On Sat, May 10, 2025 at 05:58:43PM +0200, to...@tuxteam.de wrote:
On Sat, May 10, 2025 at 10:02:26AM -0400, Michael Stone wrote:
On Fri, May 09, 2025 at 10:55:07PM -0400, Stefan Monnier wrote:
> Clearly, there's a limit beyond which it doesn't make any sense any
> more, but it usually makes sense to keep operating old electronic
> devices as long as they can do their job.  That usually means at least
> 10 years.
>
> No need for any hypothetical world.  As a first approximation, every
> machine you don't buy is another machine which is not produced.
> Regardless if that machine you don't buy is new or used.

In a world where most old electronics are sent to the dump, this is entirely
false. As a first approximation. You simply replace the newer machine going
to the dump with an older machine going to the dump.

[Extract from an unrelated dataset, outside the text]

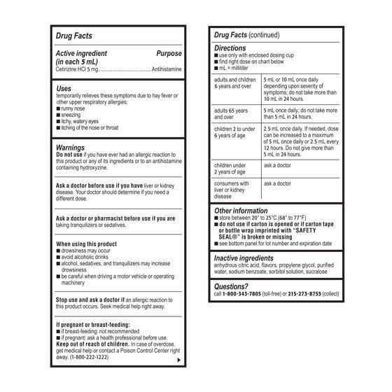 In Each 5 mL Active Ingredients: Cetirizine HCI (5 mg), Antihistamine. Inactive Ingredients: Anhydrous Citric Acid, Flavors, Propylene Glycol, Purified Water, Sodium Benzoate, Sorbitol Solution, Sucralose.

This isn't a spherical
cow.

?

The embedded cost in older machines has amortised over a longer
period.

What are you even talking about?

I don't follow your logic, sorry.

This is simple: if you have a 7 year old machine, find someone throwing out a 4 year old machine, take it, and throw out the 7 year old machine instead. Refusing to take the newer machine does not affect demand for new machines *at all*. You don't get a carbon credit by obstinately holding on to an old machine, especially since the new machine is likely more efficient. The issue isn't finding the availability of potentially useful machines that get trashed, the issue is that there isn't an efficient market for getting those machines to people who can use them.